━━ DATA SUPPLIED

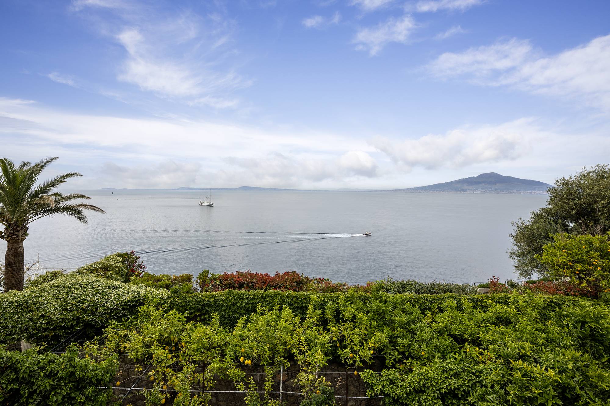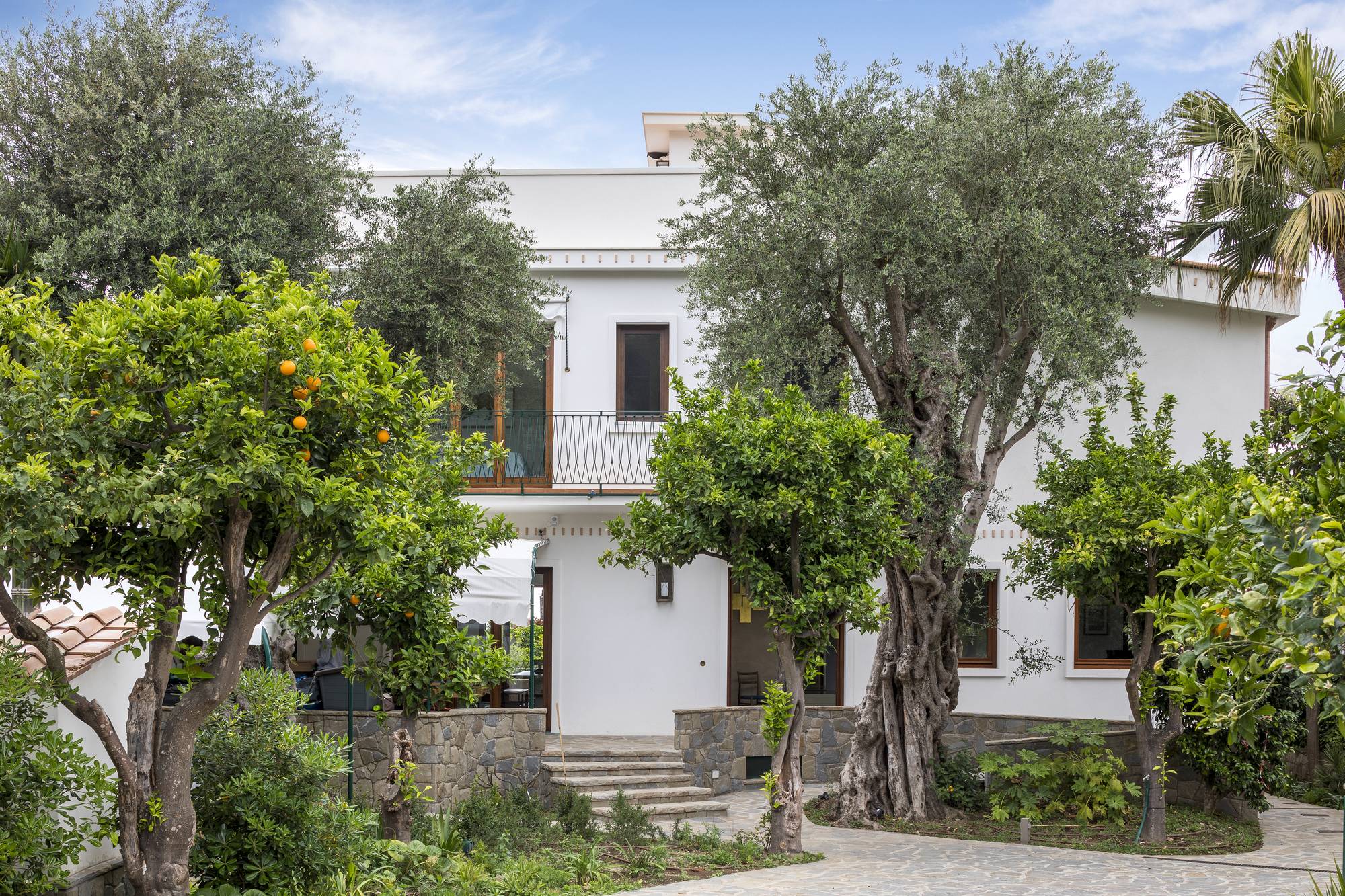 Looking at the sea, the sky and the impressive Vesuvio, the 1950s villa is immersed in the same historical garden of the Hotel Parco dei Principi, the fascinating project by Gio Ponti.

━━━━
━━ DATA SUPPLIED

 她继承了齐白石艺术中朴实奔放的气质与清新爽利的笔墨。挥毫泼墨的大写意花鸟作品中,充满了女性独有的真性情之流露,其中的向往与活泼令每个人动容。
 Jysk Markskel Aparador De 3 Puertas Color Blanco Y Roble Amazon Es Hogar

━━━━

■ EXERCISE DETAILS ■
All that is wanted is a faithful reproduction of the line above with "她继承了齐白石艺术中朴实奔放", the line with "Jysk Markskel Aparador", and every line in between.

■ WRITTEN SOLUTION ■
 她继承了齐白石艺术中朴实奔放的气质与清新爽利的笔墨。挥毫泼墨的大写意花鸟作品中,充满了女性独有的真性情之流露,其中的向往与活泼令每个人动容。
 Jysk Markskel Aparador De 3 Puertas Color Blanco Y Roble Amazon Es Hogar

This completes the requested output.